Protein tryptophan modification enabled by using S-protected cysteine sulfoxide under mild acid conditions — ASN Events

Protein tryptophan modification enabled by using S-protected cysteine sulfoxide under mild acid conditions (#276)

Daishiro Kobayashi 1 , Junya Hayashi 1 , Kota Hidaka 1 , Kento Ohkawachi 1 , Yutaka Komura 1 , Masaya Denda 1 , Akira Otaka 1
  1. Tokushima University, Tokushima, NOT US OR CANADA, Japan

Chemical modifications of specific amino acids on proteins have paved the way for improvement of their chemical or pharmacological properties, thereby promoting the development of protein-based drugs. Among all proteinogenic residues, tryptophan (Trp) is considered an ideal residue selectively modified due to its less abundant exposure feature. Thus, the methodology allowing for Trp-targeting modification has been in demand for novel protein biologics. Recently, our group developed an Trp-selective modification reaction using S-methoxybenzyl cysteine sulfoxide (Cys(MBzl)(O) 1) in methansulfonic acid (MSA)−trifluoroacetic acid (TFA)ref.1, which proceeds via formation of S-chlorocysteine (S-Cl Cys 2) accompanying the leaving of MBzl cation to generate Cys-Trp linkage (4) through SEAr reaction. The formation of the MBzl cation requires highly acidic conditions (MSA/TFA system), which, however, causes protein denaturation.

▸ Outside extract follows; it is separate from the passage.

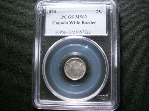 1870 5¢ PCGS MS62. An attractive Minstate Wide border variety. Lots of lustre and white in colour.

In this context, we explored the protein-friendly Trp-modification protocol by a cysteine sulfoxide with the combination of the sulfoxides and reaction conditions varying. Consequently, we found that S-acetamidomethyl (Acm) cysteine sulfoxide (Cys(Acm)(O): 5) serves as a suitable sulfenylating agent working under mild acid conditions (0.1% TFA in AcOH) in the presence of MgCl2. Additionally, the application of the developed protocol to proteins will be presented.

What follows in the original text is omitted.